BANNER OF THE INQUISITION.
From Limborch’s “Historia Inquisitionis.”

Amongst those who joined him in the plot was a man named Juan Franco, of a family of carriers of La Guardia. This man went with Benito to Toledo on the Feast of the Assumption, intent upon finding a child for their purpose. They drove there in a cart, which they left outside the city while they went separately about their quest.

Franco found what he sought in one of the doorways of the Cathedral, known as the Puerta del Perdon—the door, adds Moreno, through which the Virgin entered the church when she came from heaven to honour with the chasuble her votary St. Ildefonso. The Jew beheld in this doorway a very beautiful child of three or four years of age, the son of Alonso de Pasamontes. His mother was near at hand, but she was conveniently blind—i.e. conveniently for the development of Moreno’s story, this blindness serving not only the purpose of rendering the child’s undetected abduction easily possible, but also that of affording the martyred infant scope for the first miraculous manifestation of his sanctity.

Juan Franco lured the boy away with the offer of sweetmeats. He regained his cart with his victim, concealed the latter therein, and so returned to La Guardia. There he kept the child closely and safely until Passion Week of the following year, or, rather, until the season of the Passover, when the eleven Jews—six of whom had received Christian baptism—assembled in La Guardia. They took the child by night to a cave in the hills above the river, and there they compelled him to play the protagonist part in a detailed parody of the Passion, scourging him, crowning him with thorns, and finally nailing him to a cross.

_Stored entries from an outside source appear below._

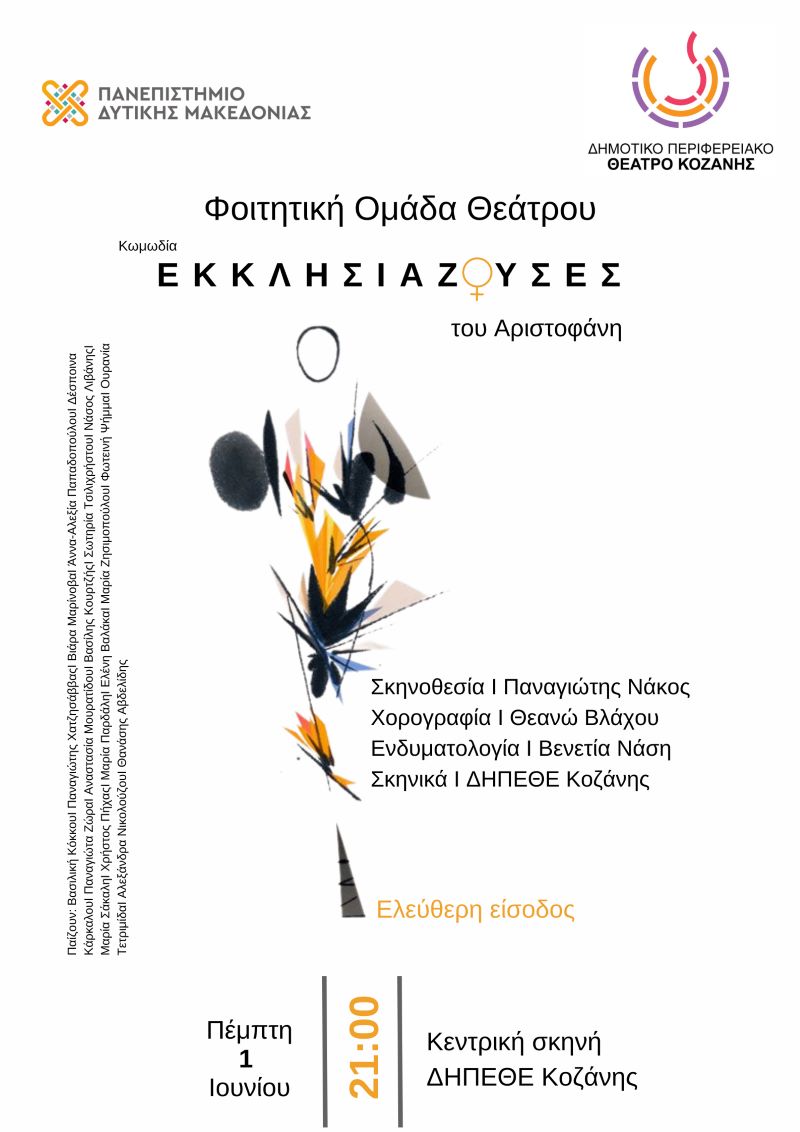 Η φοιτητική θεατρική ομάδα του Πανεπιστημίου Δυτικής Μακεδονίας «ΑμφιΘέατρο»  παρουσιάζει την κωμωδία του Αριστοφάνη «Εκκλησιάζουσες», την Πέμπτη 01 Ιουνίου 2023, στις 21:00, στην κεντρική σκηνή του ΔΗ.ΠΕ.ΘΕ. Κοζάνης (Αίθουσα Τέχνης).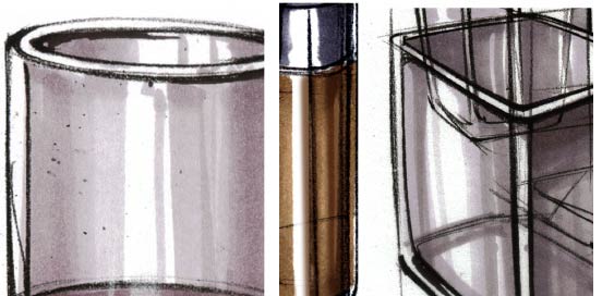 当遇到立方体倒角以及弧面造型产品时,马克笔运笔要尽可能地按照造型的面体来滑动,这样可以事半功倍,用最少的笔触塑造出最丰富的效果。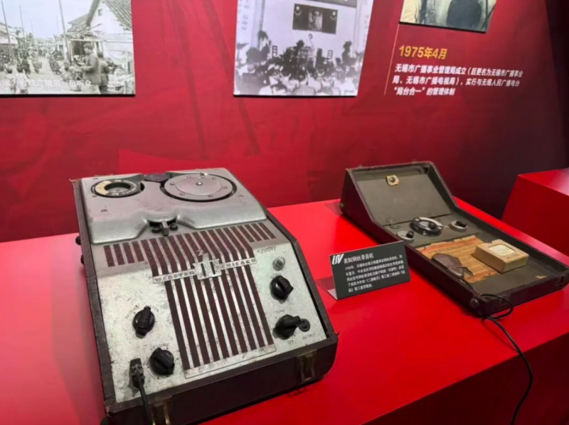 一旁的复原展区里,1949 年无锡电台开播时的复古木质桌椅、老式麦克风与播音设备静静陈列,仿佛瞬间将时光拉回当年 9 月 1 日发出第一声呼号的那个瞬间,让同学们直观触摸到无锡广电的创立初心。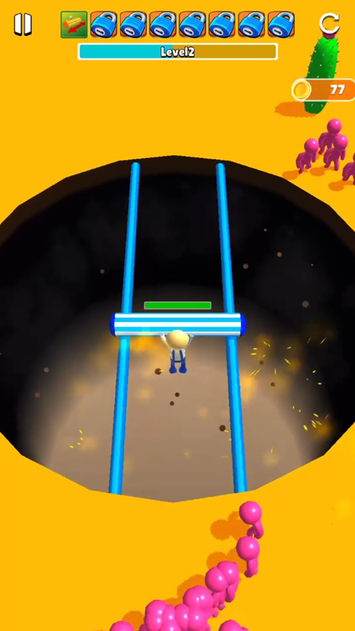 Enhance your survival with upgrades to your push bar size, push force, and power-up duration. To proceed to the next thrilling world, you'll need to size up your bar and slide across a rail.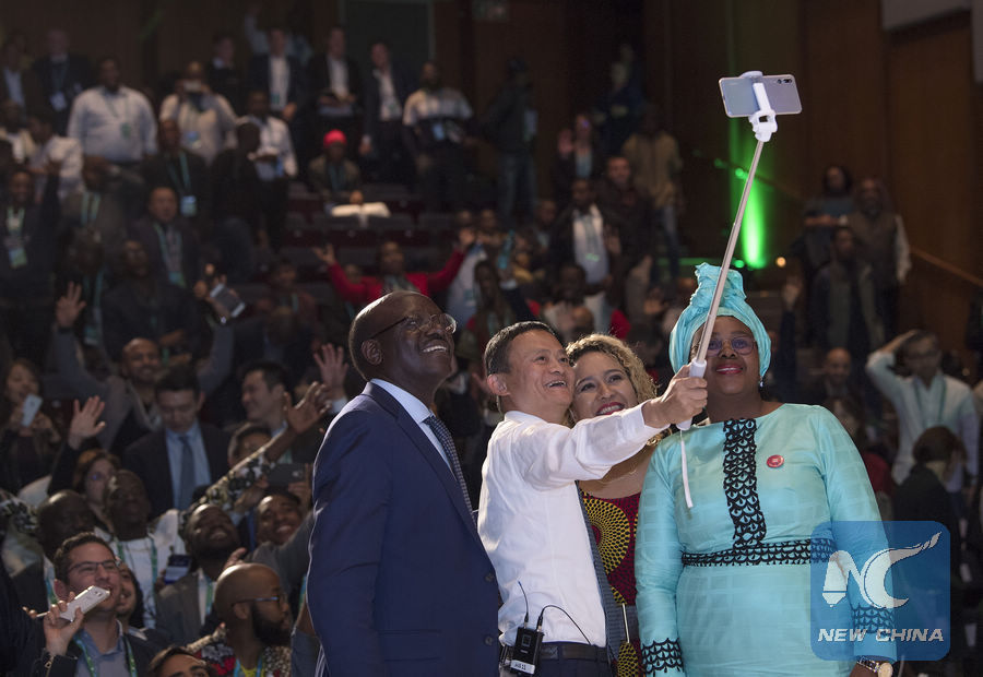Chinese Alibaba's Chairman Ma Yun (2nd L) takes a selfie with honor guests during the conference "The Rise of Africa's Digital Lions" in Johannesburg, South Africa, on Aug. 8, 2018. (Xinhua/Chen Cheng)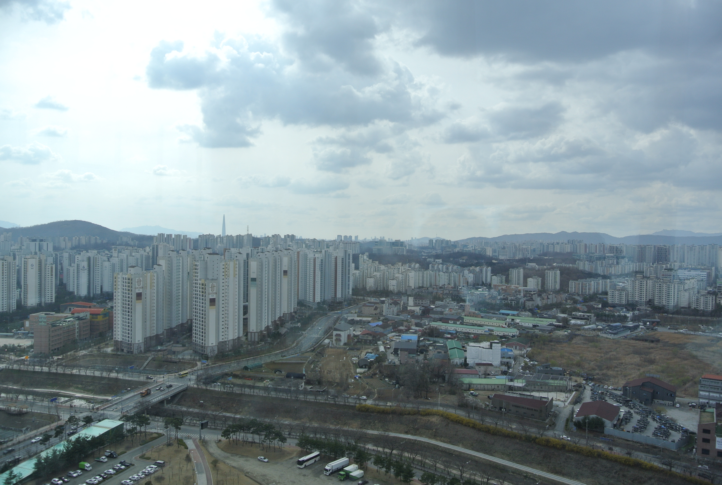 왼쪽 멀리 우리나라 최고의 빌딩, 잠실의 롯데월드타워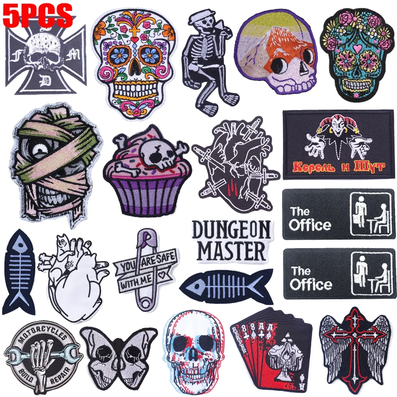 10 Uds. Venta al por mayor parche bordado Punk/cráneo parche con eslogan de letras parches para planchar para ropa DIY insignias de costura de mariposa y corazón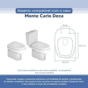 Tampa Vaso Sanitário Poliester Acrilico Monte Carlo Branco Para Bacia Deca A Tampa Vaso Sanitário Poliester Acrilico Monte Carlo Branco para bacia Deca é o que faltava para deixar seu banheiro ainda mais bonito. EXELENTE DURABILIDADE * É totalmente impermeável * Pode ser lavado com água à vontade

On the subject of the scourging, Moreno tells us that the Jews carefully counted the number of lashes, aiming in this, as in all other details, at the greatest historical fidelity. But when the child had borne without murmuring upwards of five thousand strokes, he suddenly began to cry. One of the Jews—finding, we are to suppose, that this weeping required explanation—asked him: “Boy, why are you crying?”

To this the boy replied that he was crying because he had received five lashes more than his Divine Master.

“So that,” says this doctor of divinity quite soberly, “if the lashes received by Christ numbered 5,495, as computed by Lodulfo Cartujano in his ‘In Vita Christi,’ those received by the Holy Child Christoval were 5,500.”[162]

He mentions here the child’s name as “Christoval,” to which he informs us that it was changed from “Juan,” to the end that the former might more aptly express the manner of his death. There is no doubt that some such consideration weighed when the child was given that suggestive name; but the real reason for it was that no name was known (for the identity of the boy did not transpire), and it was necessary to supply him with one by which he might be worshipped.

When he was crucified, his side was opened by one of the Jews, who began to rummage[163] for the child’s heart. He failed to find it, and he was suddenly checked by the child’s question—“What do you seek, Jew? If you seek my heart, you are in error to seek it on that side; seek on the other, and you will find it.”

In the very moment of his death, Moreno tells us, the Santo Niño performed his first miracle. His mother, who had been blind from birth, received the gift of sight in the instant that her child expired.[164]